* Assignment:
Output exactly the lines of the listing below that run from the line with "在上午的鋅肥示范推廣技術培訓" through the line with "- You can click". No pictures.
———
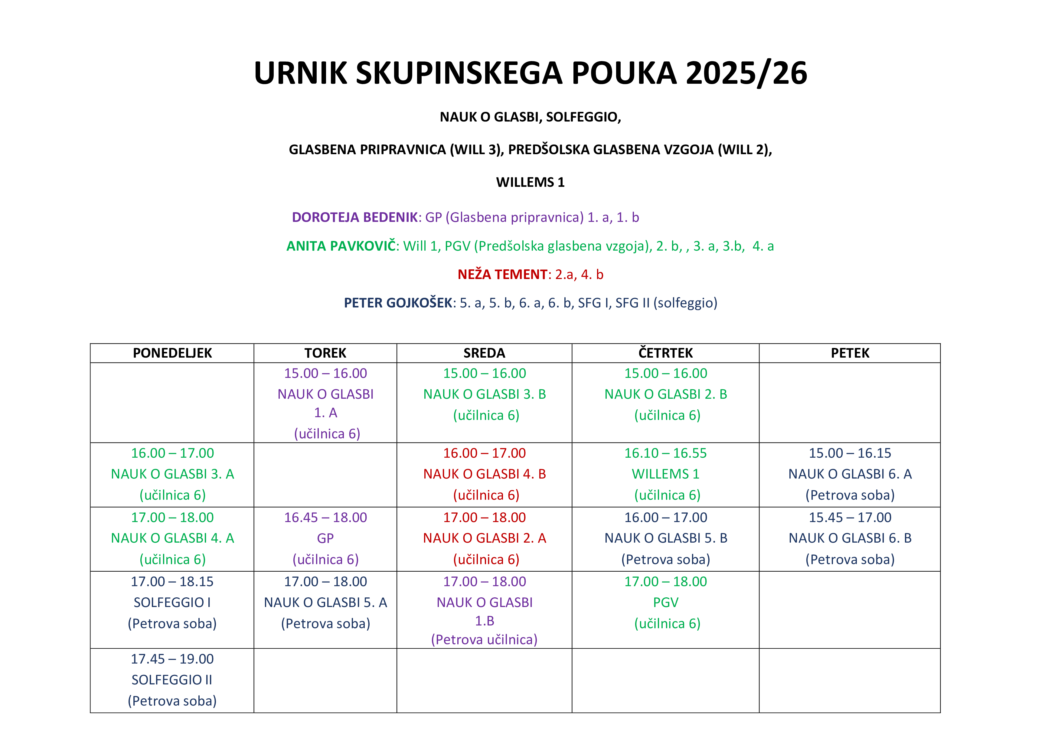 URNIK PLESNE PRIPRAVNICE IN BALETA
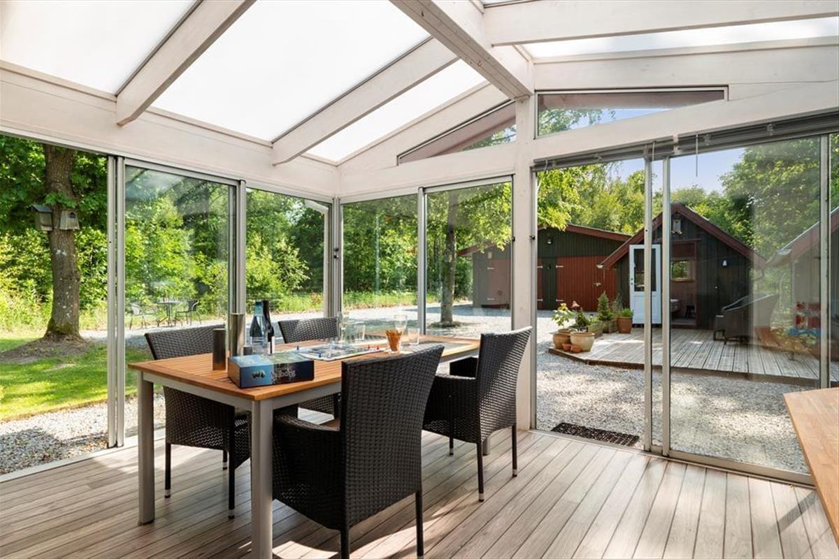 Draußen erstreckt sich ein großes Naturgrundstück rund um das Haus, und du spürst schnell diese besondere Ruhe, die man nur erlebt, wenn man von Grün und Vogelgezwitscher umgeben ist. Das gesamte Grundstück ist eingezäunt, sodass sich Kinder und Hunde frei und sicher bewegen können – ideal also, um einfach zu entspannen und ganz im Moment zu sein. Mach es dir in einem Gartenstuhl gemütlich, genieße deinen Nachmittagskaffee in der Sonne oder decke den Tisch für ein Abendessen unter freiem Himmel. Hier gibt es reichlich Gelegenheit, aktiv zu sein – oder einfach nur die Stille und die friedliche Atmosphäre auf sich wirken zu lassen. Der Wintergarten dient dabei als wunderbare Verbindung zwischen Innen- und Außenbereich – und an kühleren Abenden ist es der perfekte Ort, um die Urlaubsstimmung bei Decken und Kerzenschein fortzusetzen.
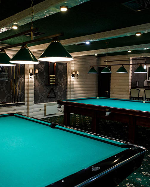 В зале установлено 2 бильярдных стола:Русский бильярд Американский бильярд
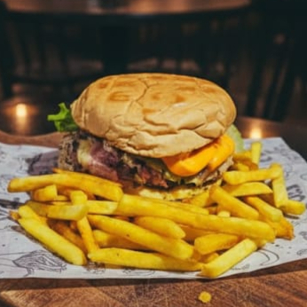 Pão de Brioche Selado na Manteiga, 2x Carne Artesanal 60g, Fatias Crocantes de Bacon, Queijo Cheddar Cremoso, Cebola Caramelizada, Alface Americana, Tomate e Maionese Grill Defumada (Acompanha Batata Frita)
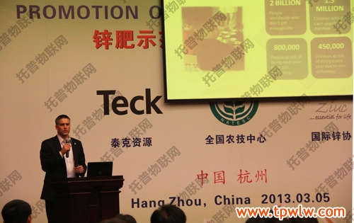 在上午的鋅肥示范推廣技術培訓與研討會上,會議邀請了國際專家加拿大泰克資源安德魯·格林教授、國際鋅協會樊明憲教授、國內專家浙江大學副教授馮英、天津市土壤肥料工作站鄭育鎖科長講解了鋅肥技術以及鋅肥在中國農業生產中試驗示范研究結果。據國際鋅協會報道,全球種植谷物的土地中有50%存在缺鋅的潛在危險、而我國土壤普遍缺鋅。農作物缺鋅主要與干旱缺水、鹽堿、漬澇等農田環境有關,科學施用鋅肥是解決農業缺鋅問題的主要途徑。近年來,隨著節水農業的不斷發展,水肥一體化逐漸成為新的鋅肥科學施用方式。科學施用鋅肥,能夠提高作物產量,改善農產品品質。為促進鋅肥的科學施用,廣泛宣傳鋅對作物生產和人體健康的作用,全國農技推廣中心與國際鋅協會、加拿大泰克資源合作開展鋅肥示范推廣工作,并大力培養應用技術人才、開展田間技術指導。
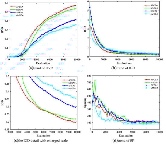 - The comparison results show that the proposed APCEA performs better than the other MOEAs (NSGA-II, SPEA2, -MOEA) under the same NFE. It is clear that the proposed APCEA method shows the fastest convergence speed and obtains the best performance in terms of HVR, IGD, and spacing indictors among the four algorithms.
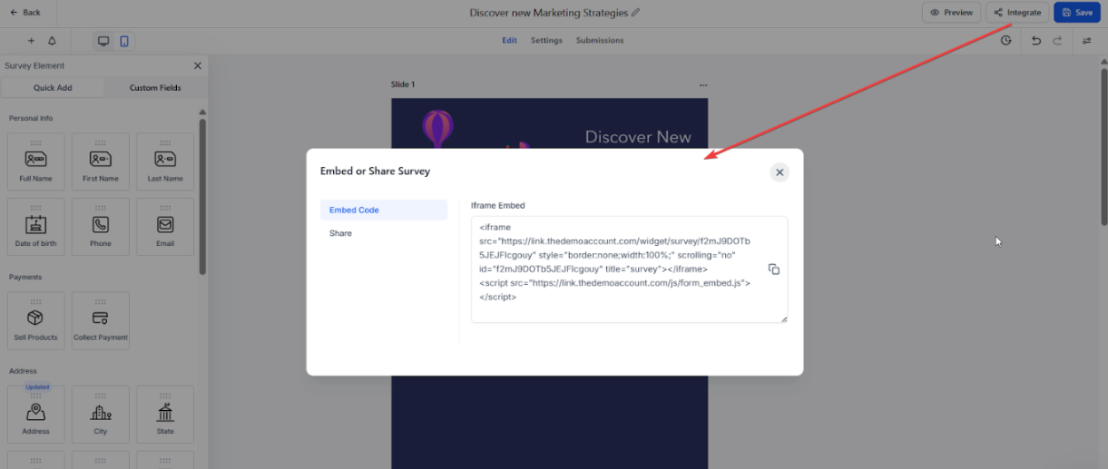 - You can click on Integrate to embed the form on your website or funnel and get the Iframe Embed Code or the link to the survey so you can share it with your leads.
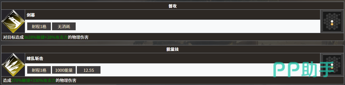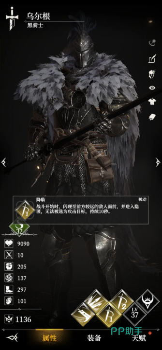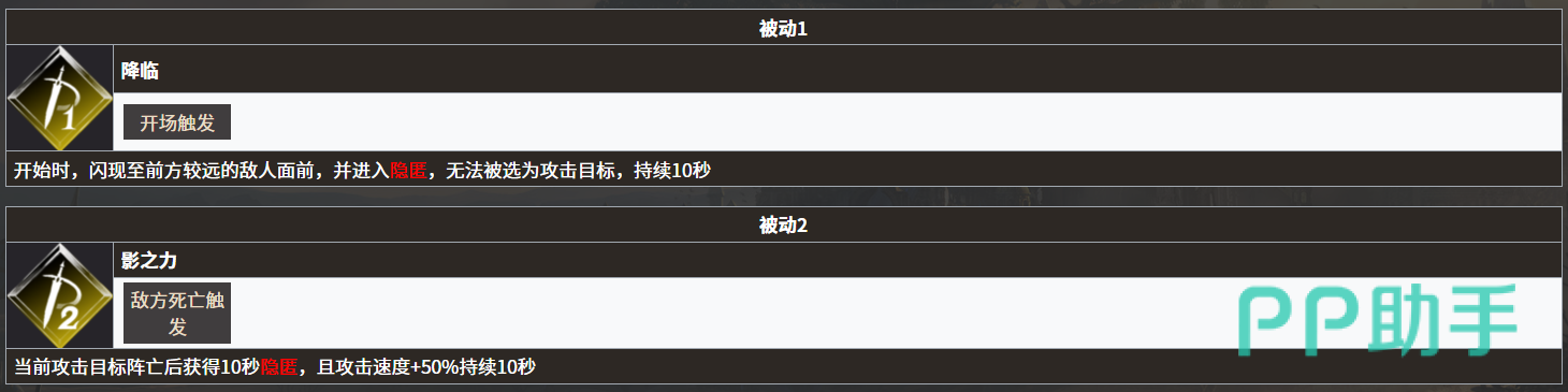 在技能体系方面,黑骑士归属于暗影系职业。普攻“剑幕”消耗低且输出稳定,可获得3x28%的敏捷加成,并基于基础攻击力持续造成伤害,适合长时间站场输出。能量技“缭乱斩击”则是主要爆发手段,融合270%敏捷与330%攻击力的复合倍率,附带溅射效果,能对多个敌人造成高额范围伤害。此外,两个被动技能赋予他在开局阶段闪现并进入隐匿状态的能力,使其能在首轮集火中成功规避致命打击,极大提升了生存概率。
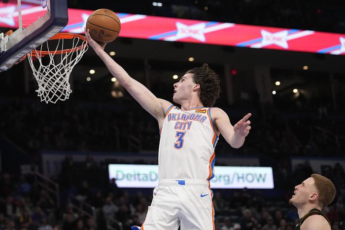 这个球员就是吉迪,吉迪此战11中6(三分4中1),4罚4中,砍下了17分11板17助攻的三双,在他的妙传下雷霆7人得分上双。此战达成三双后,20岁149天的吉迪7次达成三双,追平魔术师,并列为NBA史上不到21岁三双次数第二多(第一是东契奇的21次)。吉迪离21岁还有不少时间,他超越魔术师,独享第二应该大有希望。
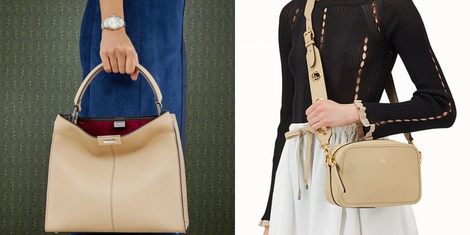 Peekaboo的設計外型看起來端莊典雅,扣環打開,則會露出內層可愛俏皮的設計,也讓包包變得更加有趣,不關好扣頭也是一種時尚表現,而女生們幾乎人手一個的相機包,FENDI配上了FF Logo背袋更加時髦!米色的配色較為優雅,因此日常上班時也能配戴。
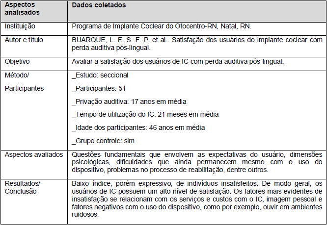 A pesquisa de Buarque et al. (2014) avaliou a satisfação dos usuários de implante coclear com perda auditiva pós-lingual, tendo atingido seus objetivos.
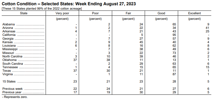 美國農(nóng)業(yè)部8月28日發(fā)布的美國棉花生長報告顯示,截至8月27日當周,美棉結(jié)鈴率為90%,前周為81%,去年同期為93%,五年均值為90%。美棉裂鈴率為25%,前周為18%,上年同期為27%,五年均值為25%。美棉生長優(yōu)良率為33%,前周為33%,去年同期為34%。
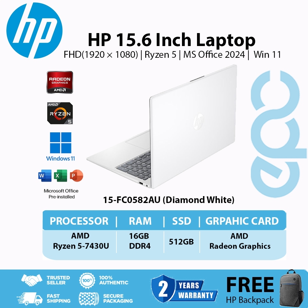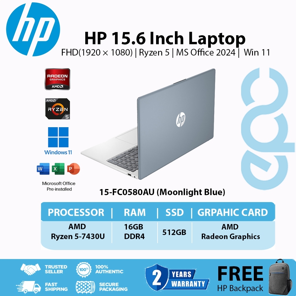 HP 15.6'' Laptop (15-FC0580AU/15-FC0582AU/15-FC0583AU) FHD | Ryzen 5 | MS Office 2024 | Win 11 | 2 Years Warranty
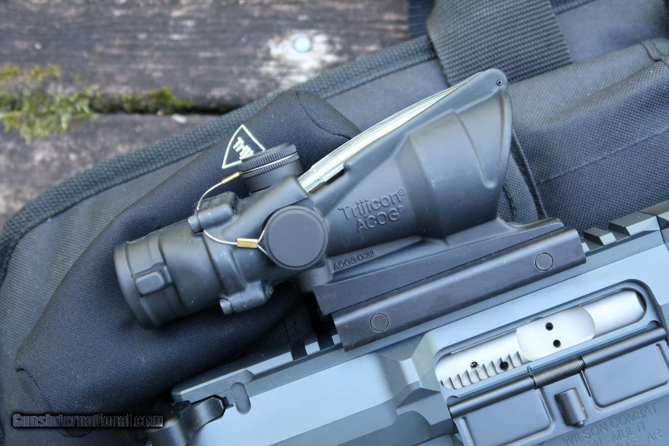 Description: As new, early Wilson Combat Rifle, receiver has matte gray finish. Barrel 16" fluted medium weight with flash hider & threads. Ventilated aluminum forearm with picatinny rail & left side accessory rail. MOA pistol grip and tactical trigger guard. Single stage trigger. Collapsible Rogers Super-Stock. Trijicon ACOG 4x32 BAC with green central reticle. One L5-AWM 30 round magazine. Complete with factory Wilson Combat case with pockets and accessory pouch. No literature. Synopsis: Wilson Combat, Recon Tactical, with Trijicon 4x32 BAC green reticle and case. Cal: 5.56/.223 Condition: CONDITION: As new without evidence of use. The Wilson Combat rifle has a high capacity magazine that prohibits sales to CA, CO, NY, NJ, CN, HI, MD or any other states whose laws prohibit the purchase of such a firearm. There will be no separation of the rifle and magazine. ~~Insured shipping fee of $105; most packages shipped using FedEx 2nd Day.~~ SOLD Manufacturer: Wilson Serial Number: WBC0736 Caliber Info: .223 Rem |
———
* Task output:
 在上午的鋅肥示范推廣技術培訓與研討會上,會議邀請了國際專家加拿大泰克資源安德魯·格林教授、國際鋅協會樊明憲教授、國內專家浙江大學副教授馮英、天津市土壤肥料工作站鄭育鎖科長講解了鋅肥技術以及鋅肥在中國農業生產中試驗示范研究結果。據國際鋅協會報道,全球種植谷物的土地中有50%存在缺鋅的潛在危險、而我國土壤普遍缺鋅。農作物缺鋅主要與干旱缺水、鹽堿、漬澇等農田環境有關,科學施用鋅肥是解決農業缺鋅問題的主要途徑。近年來,隨著節水農業的不斷發展,水肥一體化逐漸成為新的鋅肥科學施用方式。科學施用鋅肥,能夠提高作物產量,改善農產品品質。為促進鋅肥的科學施用,廣泛宣傳鋅對作物生產和人體健康的作用,全國農技推廣中心與國際鋅協會、加拿大泰克資源合作開展鋅肥示范推廣工作,并大力培養應用技術人才、開展田間技術指導。
 - The comparison results show that the proposed APCEA performs better than the other MOEAs (NSGA-II, SPEA2, -MOEA) under the same NFE. It is clear that the proposed APCEA method shows the fastest convergence speed and obtains the best performance in terms of HVR, IGD, and spacing indictors among the four algorithms.
 - You can click on Integrate to embed the form on your website or funnel and get the Iframe Embed Code or the link to the survey so you can share it with your leads.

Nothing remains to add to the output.